* _Exercise objective_
What you return must match, exactly, the lines running from the one containing "原油日内技术分析:昨日盘中原" to the end of the data, both included, and must contain no pictures.

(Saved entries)
______________________________

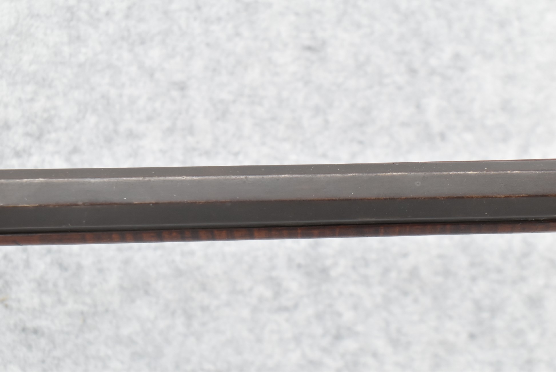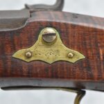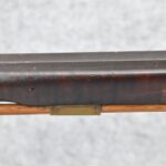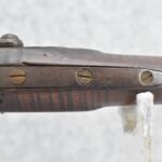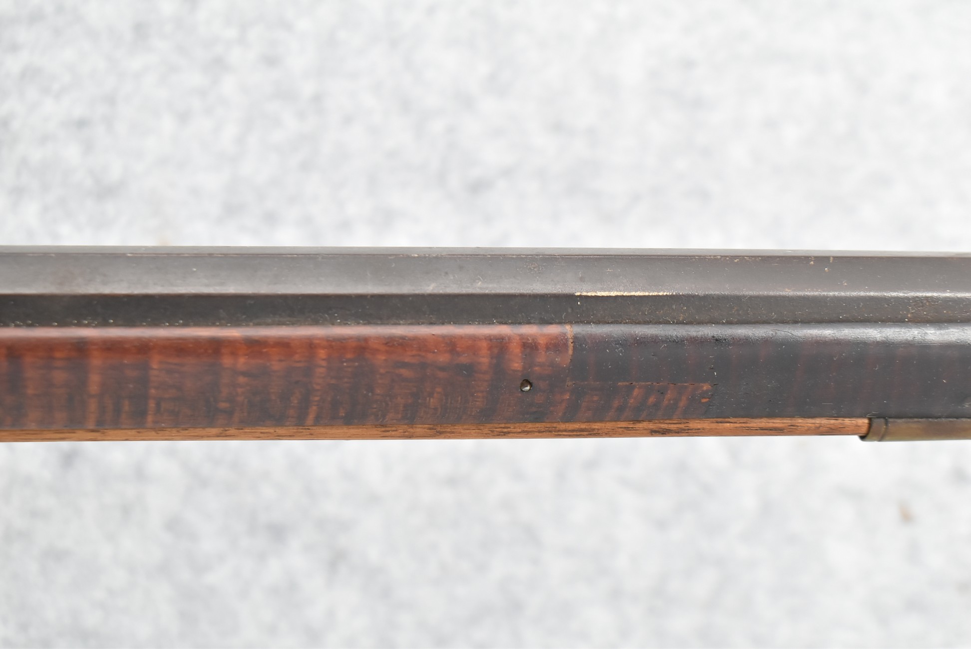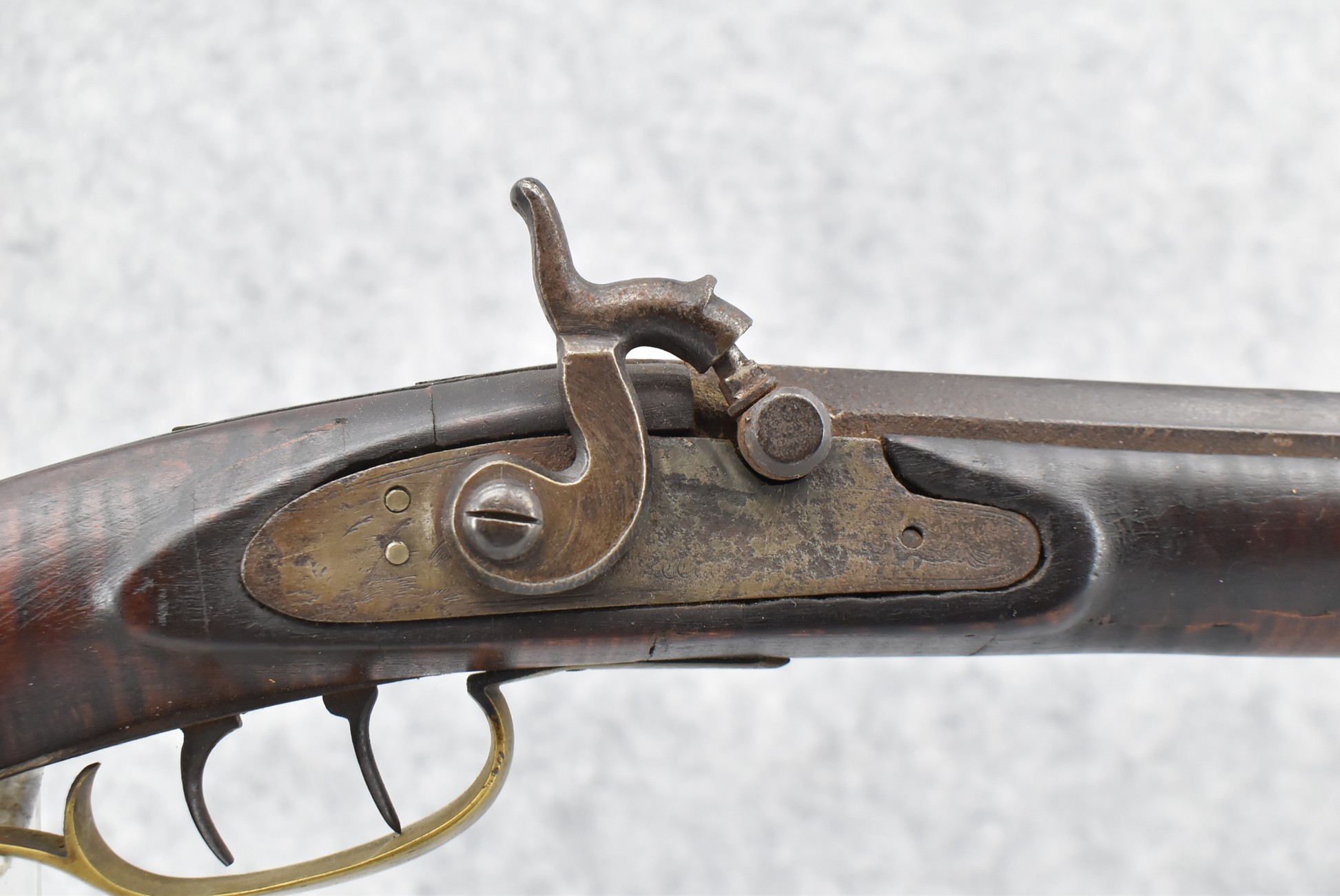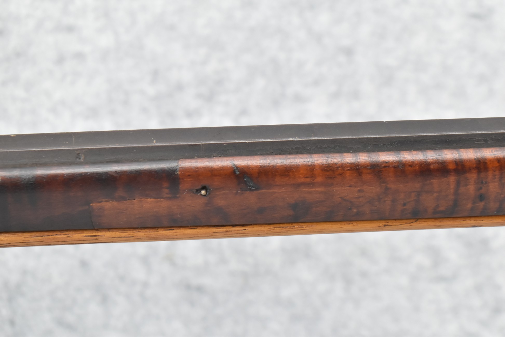 158. Unsigned 40 Cal. Tiger Maple Full Wood Stock Kentucky Long Rifle – w/38 ½” Octagon Barrel w/Front & Rear Barrel Sights – w/Brass Furniture – w/Small Oval Inlay on Cheek Piece – w/Double Set Triggers – Note: Parts of Fore Stock have been Replaced in Spots – Overall Length of 54”
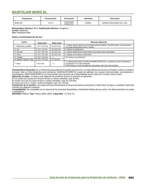 En suelos con 0.25 a 0.5 ppm de boro y cultivos sensibles. Usar 20 a 25 lt/ha.
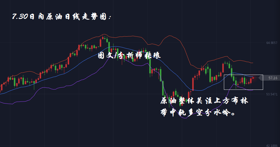 原油日内技术分析:昨日盘中原油整体走势与分析师张琅预期一致,盘中反弹上探至56.8美元压力后快速回撤走弱至55.8美元支撑,凌晨原油整体再次出现技术面反弹上攻至57美元压力附近。今日早盘原油整体再次走高上探布林带中轨压力附近,日线布林带整体延续持平运行,日内原油重点关注布林带中轨压力的破位情况,目前布林带中轨可视为原油的多空分水岭。因此日内后市操作上分析师张琅建议关注上方57.4-57..7美元压力区间,可视为空单机会。若原油下破56.5美元支撑,则顺势追空即可。
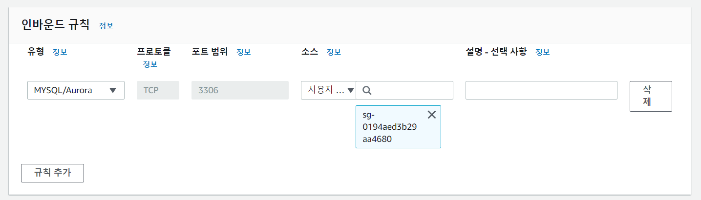 소스는 아까 기억했던 보안 그룹 선택
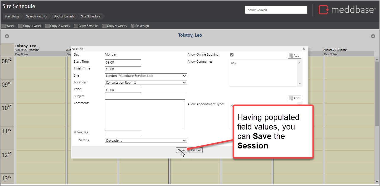 Now appointments can be booked in that session in the Clinician's diary.
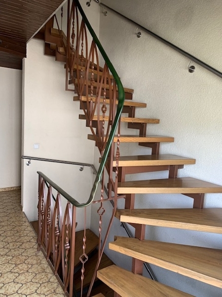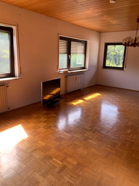 Im Obergeschoss des Hauses ist eine weitere 3 ZKB - Wohnung mit Balkon, großer Wohn-Essbereich, die Küche, das Elternschlafzimmer, das Badezimmer und ein Kinderzimmer.
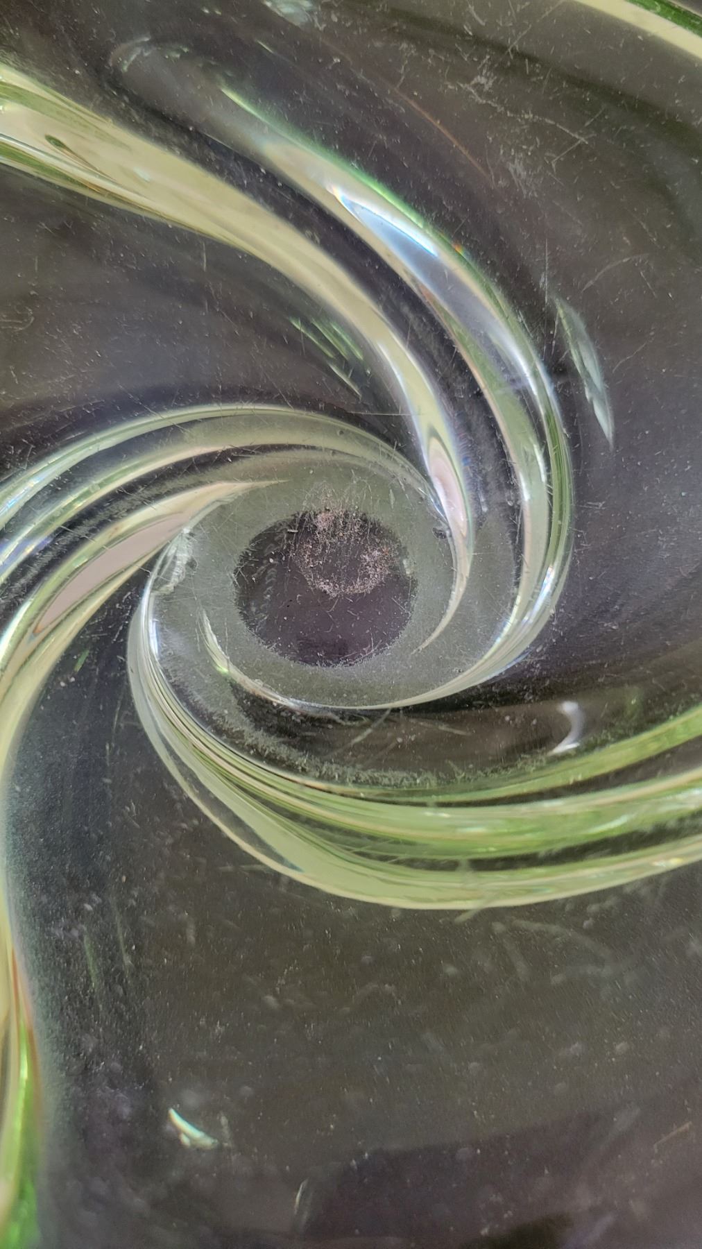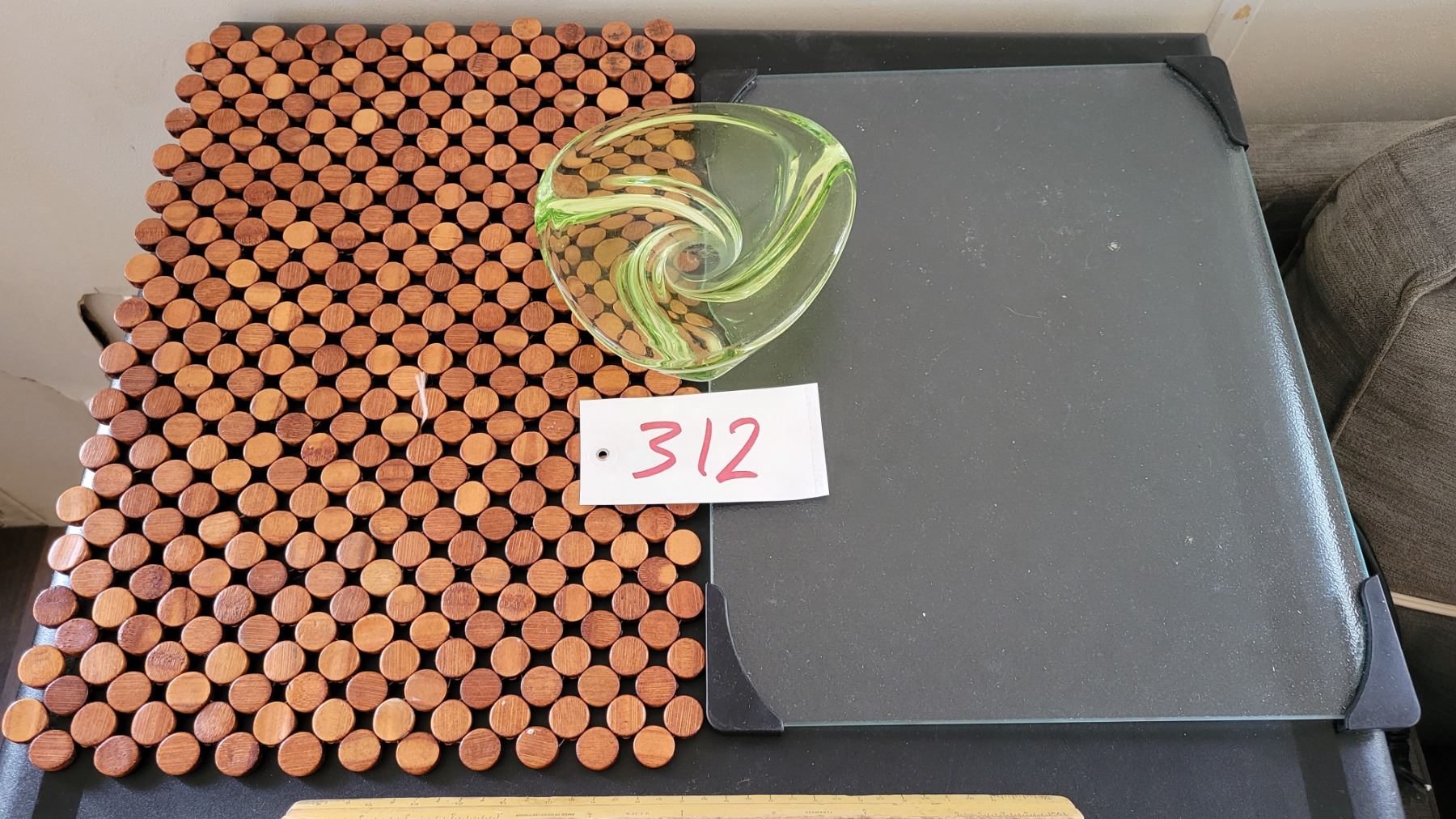 Swirly Decorative Glass Bowl (Depression glass?) and Wood Glass Placemats

______________________________

* _The answer_
 原油日内技术分析:昨日盘中原油整体走势与分析师张琅预期一致,盘中反弹上探至56.8美元压力后快速回撤走弱至55.8美元支撑,凌晨原油整体再次出现技术面反弹上攻至57美元压力附近。今日早盘原油整体再次走高上探布林带中轨压力附近,日线布林带整体延续持平运行,日内原油重点关注布林带中轨压力的破位情况,目前布林带中轨可视为原油的多空分水岭。因此日内后市操作上分析师张琅建议关注上方57.4-57..7美元压力区间,可视为空单机会。若原油下破56.5美元支撑,则顺势追空即可。
 소스는 아까 기억했던 보안 그룹 선택
 Now appointments can be booked in that session in the Clinician's diary.
 Im Obergeschoss des Hauses ist eine weitere 3 ZKB - Wohnung mit Balkon, großer Wohn-Essbereich, die Küche, das Elternschlafzimmer, das Badezimmer und ein Kinderzimmer.
 Swirly Decorative Glass Bowl (Depression glass?) and Wood Glass Placemats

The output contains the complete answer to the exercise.